In this section:
The SBC Core, which continuously captures SIP signaling packets at layer 2, streams TLS encrypted signaling packets as decrypted signaling packets to a downstream monitoring system.
The SIP PDUs (Protocol Data Units) are captured at the application layer and continuously streamed to the monitoring server. Configurable Headers are included in SIP PDUs to enable the monitoring server to decode SIP signaling properly. Headers have source and destination IP address/Port information along with additional information which is configurable – this information is needed by the monitoring server in order to correlate the stream received.
The packet is captured at ingress leg without SMM applied and with SMM applied on egress leg, which is essentially what is being sent on the wire. To lessen performance impact, all socket-management activities to the monitoring server use a separate SIPSM (SIP Signaling Monitor ) process receives all signaling packets from the SIP Signaling Gateway (SIPSG) and streams to the configurable external monitoring server either over UDP or TCP.
A profile attached to the signaling port is a trigger for this feature. All feature-related configuration can be set in this profile.
An enhanced monitoring interface on the SIP Load Balancer (SLB) is available on the SBC Cloud-Native Edition (CNe) and SBC SWe. The SLB is enhanced to stream TLS encrypted signaling packets as decrypted signaling packets to a downstream monitoring system.
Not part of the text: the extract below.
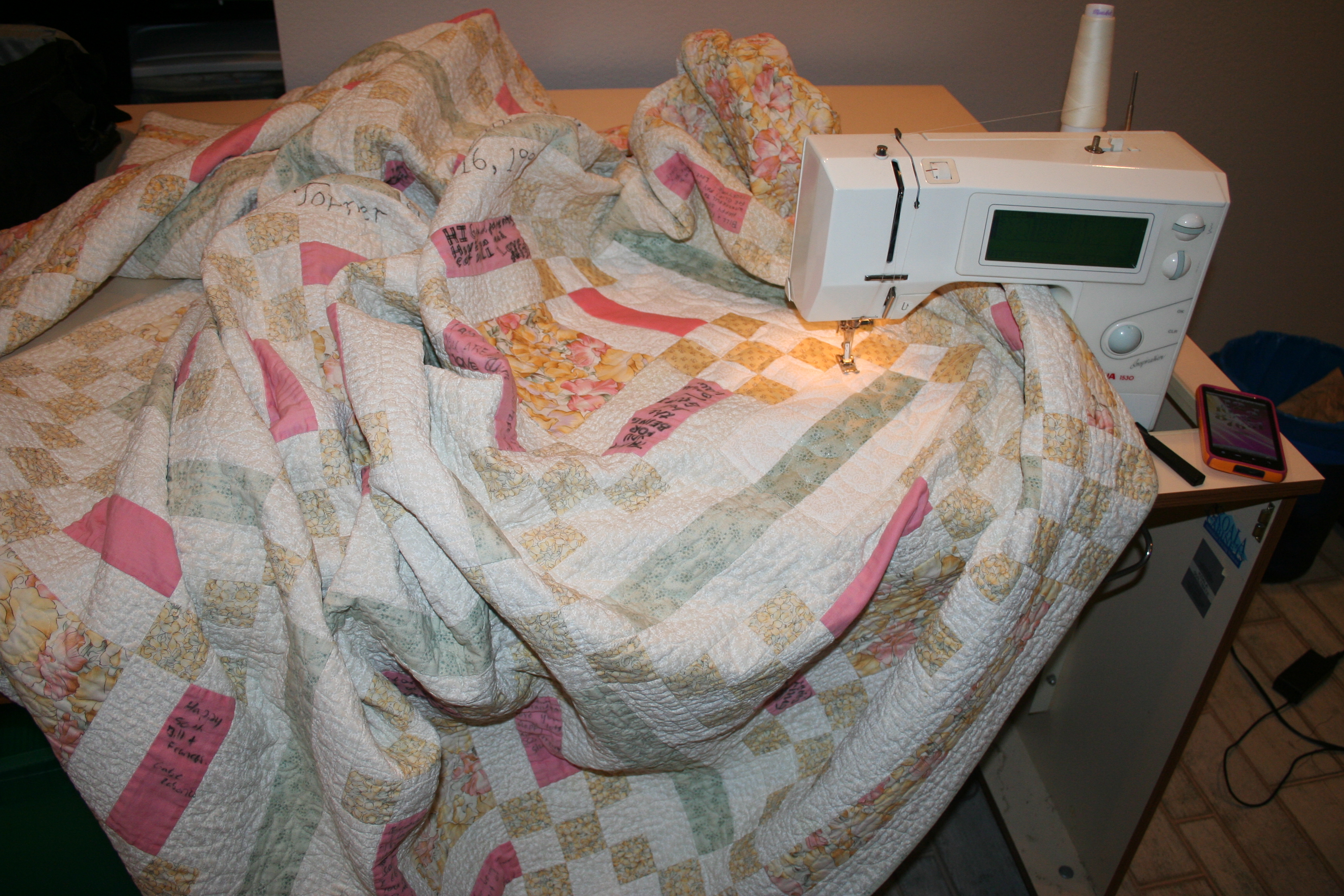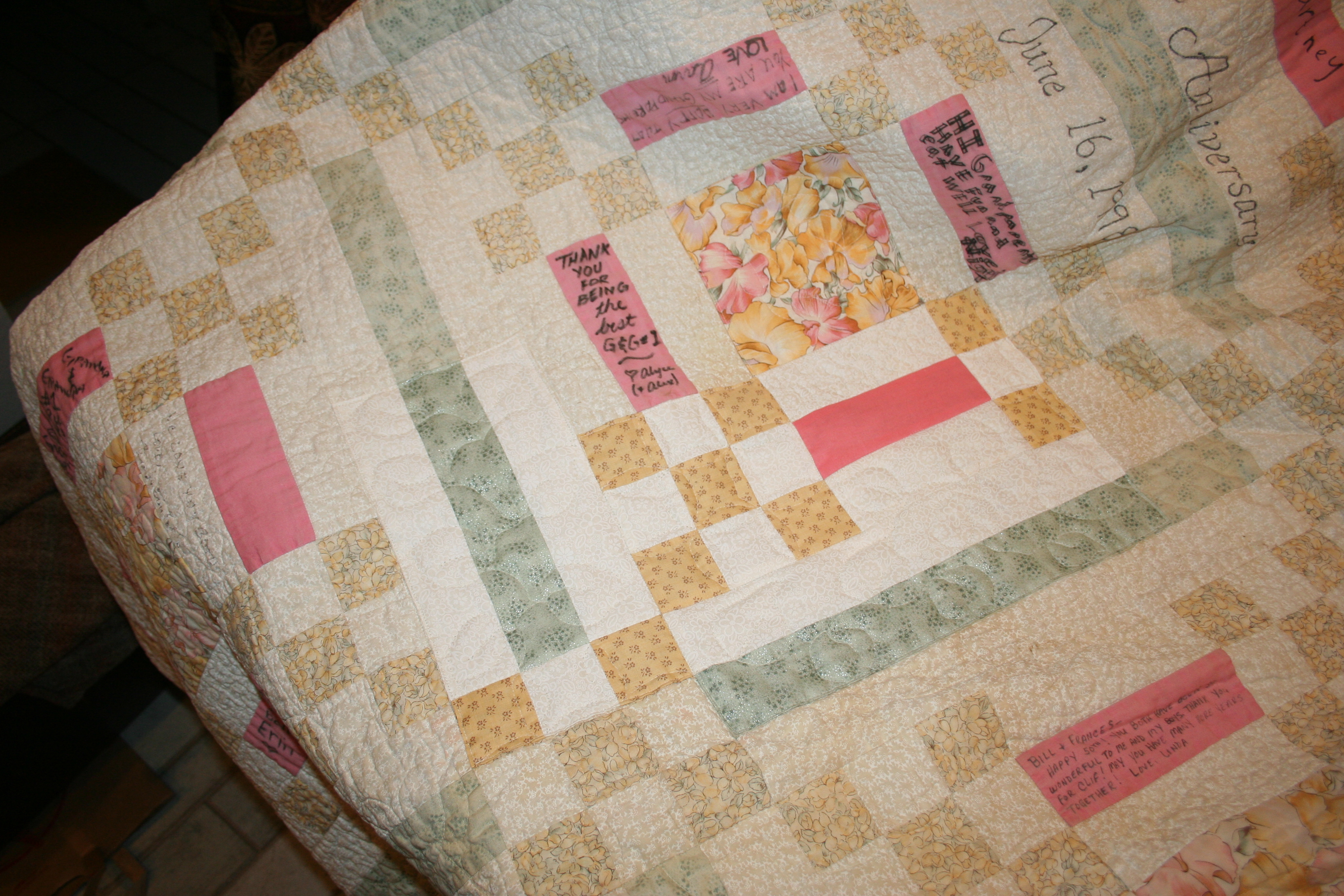 I made a quilt for my Grandma and Grandpa #1 for their 50th wedding anniversary in 1998. While it is special because I made it for them, what adds to that, is the signature of every one in the family that is on it. Before the gift was given we had all the family members at time sign the quilt. Since then, Grandma has been faithful to bring it to every wedding and family event when the new baby was announced for the new members to sign the quilt. It is a record of us all.

On the SBC CNe, decrypted signals are sent by the SLB pod using only the PKT port. The MGMT port is not supported by the SBC CNe. As well, the monitoring profile for the SBC CNe only allows the "ip" type. The "mgmt" monitoring profile type is not configurable in the SBC CNe. Lastly, only the "IpInterfaceGroup" interface type is supported by the SBC CNe. The "MgmtInterfaceGroup" interface type is not supported by the SBC CNe.
On the SBC SWe, the enhanced monitoring interface is not affected by the limitations listed in the previous paragraph.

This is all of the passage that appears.